Over a century ago it was said that municipalities were "sores upon the body politic," and this phrase has been solemnly quoted ever since as a sort of slogan of despair; whereas the municipality might be and ought to be, if intelligently administered, the mainspring of all our great national activities. The Socialist asks that, instead of waiting for evils to become intolerable before we attempt to cope with them and then adopting measures which, because they come late, are inadequate, we should take up municipal administration as a housekeeper takes hold of the administration of her house, adopting measures which we must inevitably in the end adopt before the evils become intolerable, and before the city becomes so over-built as to make the difficulty of coping with these evils insurmountable.

This is the spirit in which a citizen should approach the question of city land; and if we do approach it in this spirit, the problem of how to put an end to the evils arising from private ownership of land is in many respects similar to those which present themselves in our effort to put an end to the evils of private ownership of stock.

For example, some land will be in the hands of men who have contributed absolutely nothing to its value. They have inherited it, and upon the rent which conditions have enabled them to exact they have lived lives of uselessness if not of profligacy. One has abjured his American nationality to avoid the payment of the personal tax, and applies the sums which he receives, thanks to the industry of the community in New York, to the publishing of a conservative newspaper in London opposed to every effort permanently to improve the conditions of humanity there. Some land will be in the hands of men and women who have invested it in the economies of a laborious life and for whom it represents an old-age pension. Between these two, there is every degree of merit.

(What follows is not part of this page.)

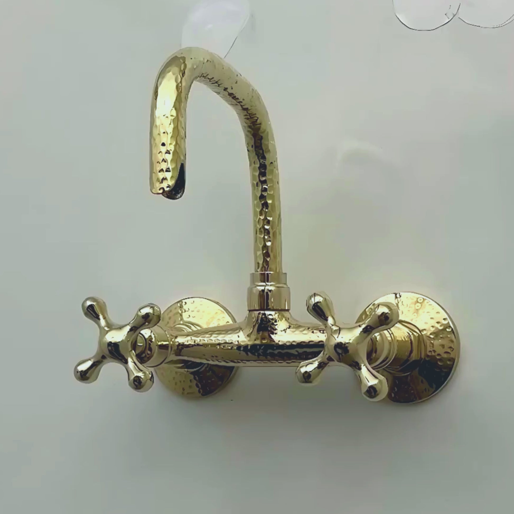 The Unlacquered Brass Wall Mount Faucet, Hammered Brass Bridge Faucet with Cross Handles is a stunning addition to any kitchen. Crafted from solid brass, this wall-mounted faucet features a hammered texture that adds an artisanal touch and enhances its durability. The unlacquered brass finish ensures a unique patina develops over time, giving the faucet a vintage, living finish that grows more beautiful with age. The cross handles provide precise and effortless control over water flow and temperature, perfectly blending style and functionality.

The problem of compensation in taking over of city land will prove as complicated as in the socialization of industries, and very much the same principles will apply. Every city presents problems of its own, and it is difficult, therefore, to lay down general principles applicable to all cities. But one point seems clear: We shall have to live in our cities while we are transforming them, and this means that the transformation will have to be slow. If the state undertakes to transform the slums into habitable tenements, the present families of the slums must be accommodated somewhere while the transformation takes place.

Rebuilding our cities to accommodate them to the changed conditions of a coöperative commonwealth, will be little more than doing on a large scale what Birmingham did on a small scale when it converted its slums into Corporation Street. If it is to be done well, it must be preceded with the deliberate preparation indispensable to the success of every large undertaking.

The Single Taxers are right when they claim that the enhancement of the value of land due to the industry of the many ought not to be appropriated by the idle few. The "unearned increment" should accrue to the whole community and not to a few landowners. As, therefore, the enhancement of the value of land due to crowding is a peculiar feature of the city, and distinguishes it from the country, it seems indispensable that city land should eventually be owned by the city; by the mass of citizens who labor and dwell therein.

Another thing seems clear, namely, that a city cannot be transformed to suit the needs of a coöperative commonwealth so long as the city is owned by a few individuals who, by virtue of their ownership, have a right to resist the transformation.

The ownership in city land is, therefore, totally different from ownership in farmland. In the latter case, there is no necessity for suppressing private ownership; whereas in the city, such suppression seems indispensable. It may be added that the beautiful parts of every city are due to state ownership. The Place des Vosges was built by Henry IV; the Place Vendôme was built by Louis XIV; the Place de la Concorde was built by Louis XV; the Champs Elysées and the Arc de l'Etoile were built by the two Napoleons. Practically all the great monuments of Paris were built by the state. Her streets were planned by the state, and the height of her private buildings regulated by the state. The same thing is true of London and Vienna. It is in our American cities alone that private initiative being allowed full sway, our buildings look like ill-assorted books in a neglected library; that we are committed to interminable streets and avenues which pass what monuments we have but lead up to none. In a word, our cities are committed to conditions so inartistic that the task of making them beautiful seems impossible short of destroying and rebuilding them altogether.